__Problem to solve__: Using the records below, give again exactly the lines from the line that contains "в Ижевске купить" through the line that contains "Мужской свитер Erkek", both ends included, and only those.

__Records to use__:

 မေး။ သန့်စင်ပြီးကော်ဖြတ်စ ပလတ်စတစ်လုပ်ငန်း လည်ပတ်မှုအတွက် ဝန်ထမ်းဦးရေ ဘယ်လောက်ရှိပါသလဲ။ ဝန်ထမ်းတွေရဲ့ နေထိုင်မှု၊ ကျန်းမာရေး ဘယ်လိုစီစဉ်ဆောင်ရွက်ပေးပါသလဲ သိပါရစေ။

---

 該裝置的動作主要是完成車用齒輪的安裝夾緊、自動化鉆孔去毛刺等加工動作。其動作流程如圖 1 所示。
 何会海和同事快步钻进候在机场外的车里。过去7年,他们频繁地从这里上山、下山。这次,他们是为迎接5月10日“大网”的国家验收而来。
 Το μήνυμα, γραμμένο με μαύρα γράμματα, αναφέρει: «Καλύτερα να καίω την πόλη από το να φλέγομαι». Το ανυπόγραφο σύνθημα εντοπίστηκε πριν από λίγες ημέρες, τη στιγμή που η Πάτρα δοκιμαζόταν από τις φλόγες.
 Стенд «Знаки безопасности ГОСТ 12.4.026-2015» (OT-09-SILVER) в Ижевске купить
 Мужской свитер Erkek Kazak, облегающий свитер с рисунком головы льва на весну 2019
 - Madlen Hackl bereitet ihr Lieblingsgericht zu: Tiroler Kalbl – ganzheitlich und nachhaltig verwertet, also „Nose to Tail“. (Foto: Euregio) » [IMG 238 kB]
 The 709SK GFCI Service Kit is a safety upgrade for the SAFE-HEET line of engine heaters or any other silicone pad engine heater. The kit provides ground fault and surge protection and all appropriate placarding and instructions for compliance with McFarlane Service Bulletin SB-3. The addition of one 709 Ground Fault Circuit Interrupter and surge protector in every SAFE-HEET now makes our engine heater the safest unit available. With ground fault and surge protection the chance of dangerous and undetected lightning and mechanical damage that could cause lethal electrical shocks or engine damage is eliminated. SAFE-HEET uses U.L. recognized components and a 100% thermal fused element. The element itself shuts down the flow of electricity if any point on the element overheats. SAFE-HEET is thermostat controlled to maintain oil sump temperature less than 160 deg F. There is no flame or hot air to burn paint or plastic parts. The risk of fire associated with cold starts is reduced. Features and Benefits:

--

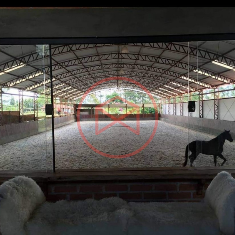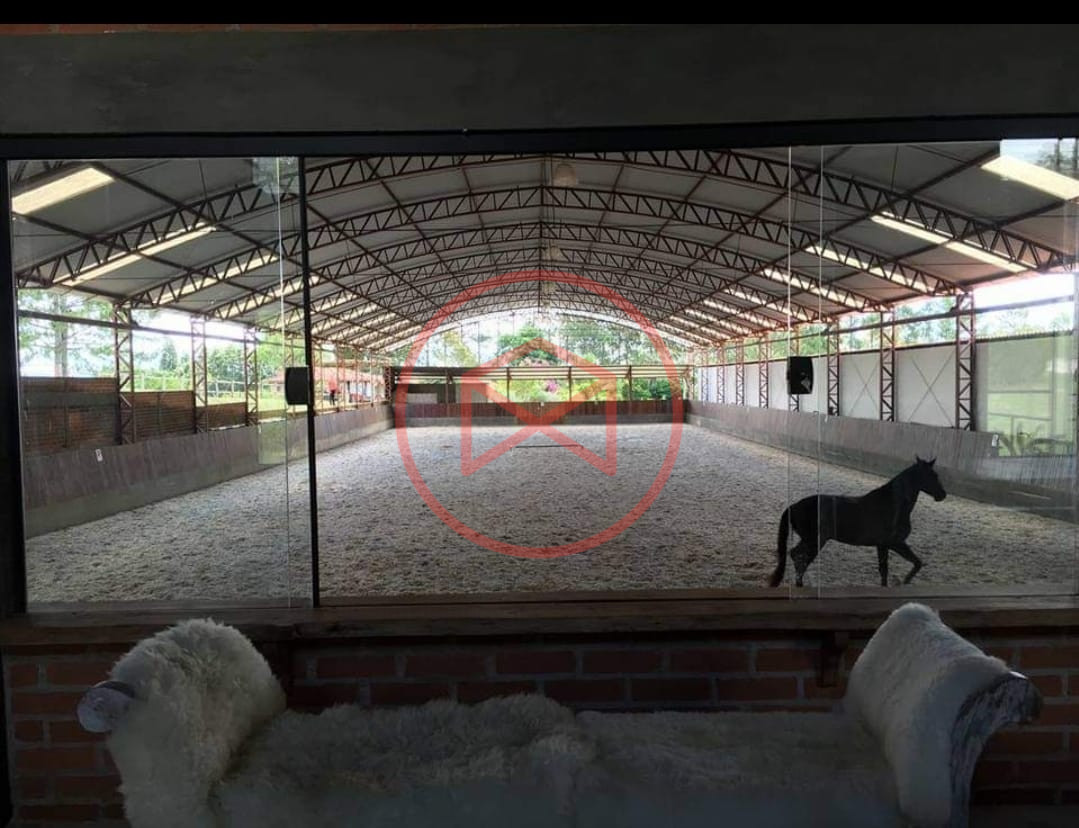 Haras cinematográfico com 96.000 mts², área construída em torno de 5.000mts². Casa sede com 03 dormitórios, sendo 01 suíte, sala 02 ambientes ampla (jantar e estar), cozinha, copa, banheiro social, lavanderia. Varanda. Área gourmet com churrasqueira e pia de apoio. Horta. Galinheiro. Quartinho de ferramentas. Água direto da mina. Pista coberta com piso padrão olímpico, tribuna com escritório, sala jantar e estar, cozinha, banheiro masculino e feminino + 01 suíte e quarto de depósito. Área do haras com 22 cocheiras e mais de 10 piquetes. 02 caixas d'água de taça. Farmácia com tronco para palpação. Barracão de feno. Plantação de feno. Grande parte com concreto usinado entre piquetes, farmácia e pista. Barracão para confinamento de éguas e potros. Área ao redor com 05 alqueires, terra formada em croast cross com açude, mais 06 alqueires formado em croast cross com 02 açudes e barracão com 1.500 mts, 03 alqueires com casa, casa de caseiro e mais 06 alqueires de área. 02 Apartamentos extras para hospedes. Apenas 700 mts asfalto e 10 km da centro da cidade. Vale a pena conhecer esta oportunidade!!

__Finished task__:
 Стенд «Знаки безопасности ГОСТ 12.4.026-2015» (OT-09-SILVER) в Ижевске купить
 Мужской свитер Erkek Kazak, облегающий свитер с рисунком головы льва на весну 2019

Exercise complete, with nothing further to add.